Lankan Opposition Violently Objects To Handing Over Mattala Airport To India
COLOMBO: The opposition Sri Lanka Podujana Peramuna (SLPP) on Friday violently objected to the alleged “handing over” of the Mattala international airport in South Sri Lanka to India.
About 2000 demonstrators led by Namal Rajapaksa MP and son of former Sri Lankan President Mahinda Rajapaksa, tried to storm into the office of the Indian Consul General in Hambantota but were dispersed with the use of water cannons and teargas.
Twenty six persons were arrested.
The crowd was protesting against an alleged plan to “hand over” the Mattala international airport to India after the Hambantota port was “handed over” to China on “unfavorable terms” by the Sirisena-Wickremsinghe government.
Although there were slogans against China too, the ire of the mob was mostly directed against India. The demonstrators waved placards reading: “Indian Colony Epa” (No to Indian colony).
Though the deal to run the Mattala airport as a Joint Venture (JV) with India is yet to be finalized and talks are, in fact, only at a very early stage, Sri Lankan politicians and the media have assumed that the deal is through for “geo-political reasons” under compulsion “to keep both India and India satisfied.”
It is said that Colombo wants to compensate India after giving the Hambantota port to China. It is also said that India is keen on having a strategic asset like an airport in Hambantota district, which is in the southern most part of Sri Lanka, to checkmate China and watch over sea lanes in the India Ocean. Mattala airport is about 40 km from the southern town of Hambantota port.
In August this year, the Sri Lankan government cleared Civil Aviation Minister Nimal Siripala de Silva’s request for a committee to study an Indian government’s proposal for a JV to run the Mattala airport which was built by China but has proved to a non-functioning drag on the country’s exchequer. Christened by Forbes as the “world’s emptiest airport”, Mattala has been receiving only two flights a day.
India proposed to “operate, manage, maintain and develop” the airport through a JV, holding 70% of the equity for 99 years – the same terms on which the Hambantota port was given to China by the present government.
But Colombo told New Delhi that it would offer the airport only for 40 years.
According to the Minister’s de Silva’s cabinet paper, India is to invest $205 million in the venture, while Sri Lanka would pitch in the balance $88 million.
It was agreed in principle, that the airport would not be used for military purposes as is the case with the Hambantota port given to China.
However, since the Indian request came, there has no progress in the negotiations as the Sri Lankan government is pre-occupied with more pressing matters related to its survival in the face of internal dissent and the growing opposition outside led by former President Mahinda Rajapaksa.
Given the foreigner phobia, Chinese projects are also in the doldrums.
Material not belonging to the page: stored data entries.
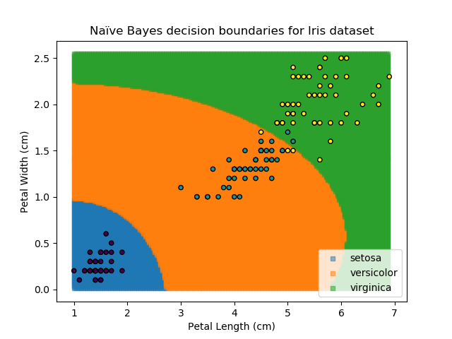 The Naïve Bayes classifier works in a similar way. It asks "what is the probability of this point belonging to this group, given that it has these feature values?". The data-point is then assigned to the group with the highest probability. In order to calculate each of the probabilities, some information needs to be provided about how each of the features are distributed. Typically, the distributions are assumed to be Gaussian i.e. that they follow a Normal distribution.
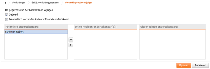 in de Verwerkingsopties, selecteer de Potentiële ondertekenaars en gebruik de pijltjes knop om deze toe te voegen aan de Uit te nodigen ondertekenaar(s)
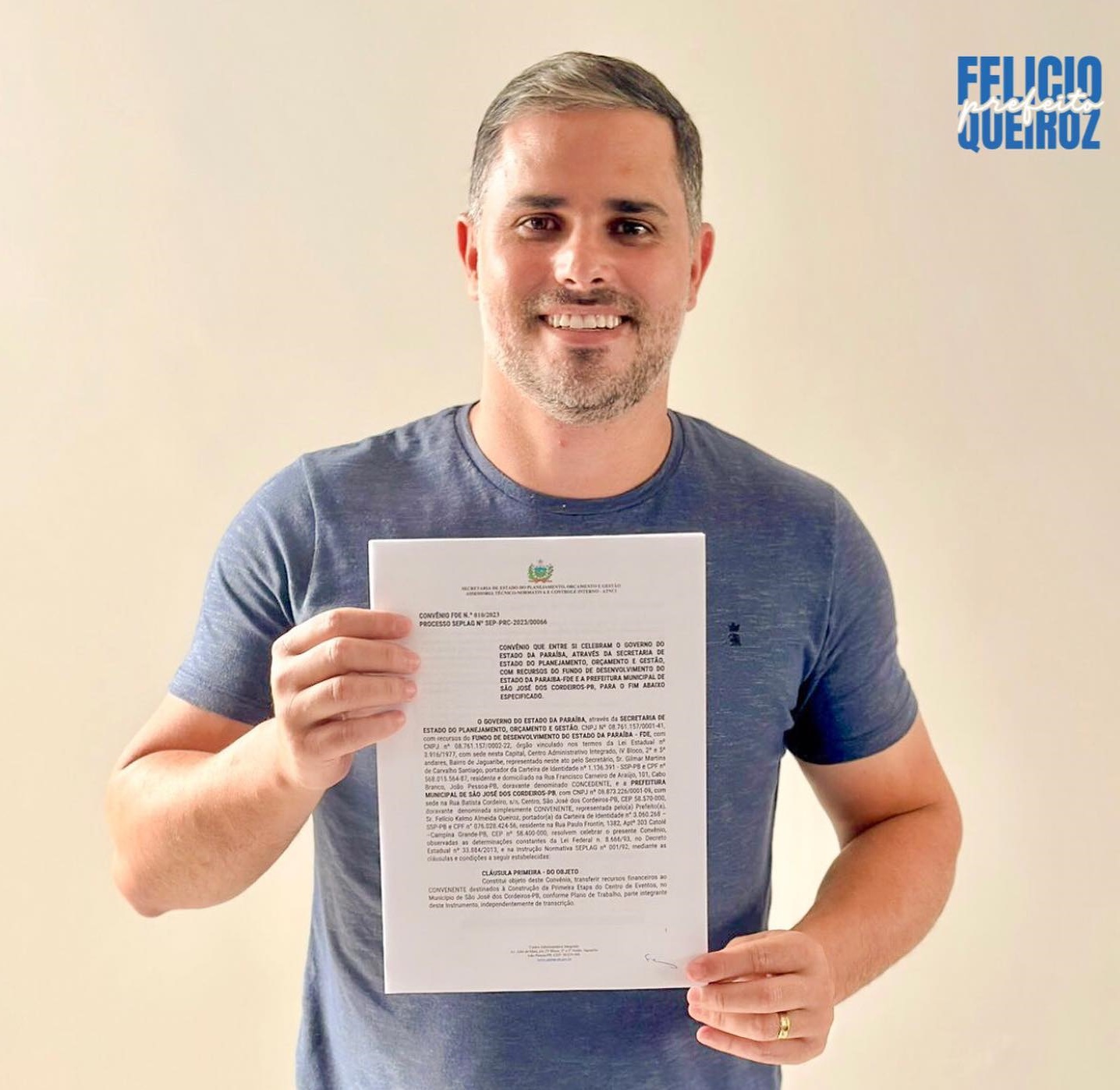O Prefeito de São José dos Cordeiros, Felicio Queiroz, assinou hoje (05/05), o convênio com o Governo do Estado que garante o aporte de recursos de R$ 1.500.040,71 para construção do Centro de Eventos, no município.

The Chinese Ambassador in Sri Lanka, Yi Xianliang, told The Island daily recently that there has been no progress on the Hambantota port after a revised Framework Agreement was signed in August.
“There are a number of other specific agreements still to be signed,” the envoy said.
The sale or leasing out of national strategic assets to foreign countries is a controversial and emotive issue in Sri Lanka. The deal on the Hambantota port signed by former President Rajapaksa became a key issue in the January 8, 2015 Presidential election which resulted in his defeat.
With local and provincial elections due in 2018, the Sirisena-Wickremesinghe government wants to put mega deals with foreign parties on hold. That is why the deal on Hambantota port, Mattala airport and the Eastern Container Terminal at the Colombo port are yet to be finalized.
Indian companies had almost wangled the contract for the Eastern Terminal at Colombo port, but the deal was called off because Sri Lanka said that it would re-draft the terms.
Meanwhile the Sri Lankan government proposed to take over a substantial part of the 100 giant oil tanks in Trincomalee which had been given to the Indian Oil Corporation in 2003.
As a compromise, India agreed to run a part of the tank complex comprising unused tanks, as a JV between LIOC (a subsidiary of IOC), and the Ceylon Petroleum Corporation (CPC).
But JV means that Sri Lanka has to pitch in with a financial contribution. That is not easy condition to fulfill, given the debt trap Sri Lanka is in.
However, when China wanted a share in the oil distribution in the island, the Sri Lankan government rejected the request as presently there are already two players in the small market – the state owed CPC and the LIOC from India –sharing.
A Chinese element here will have annoyed India.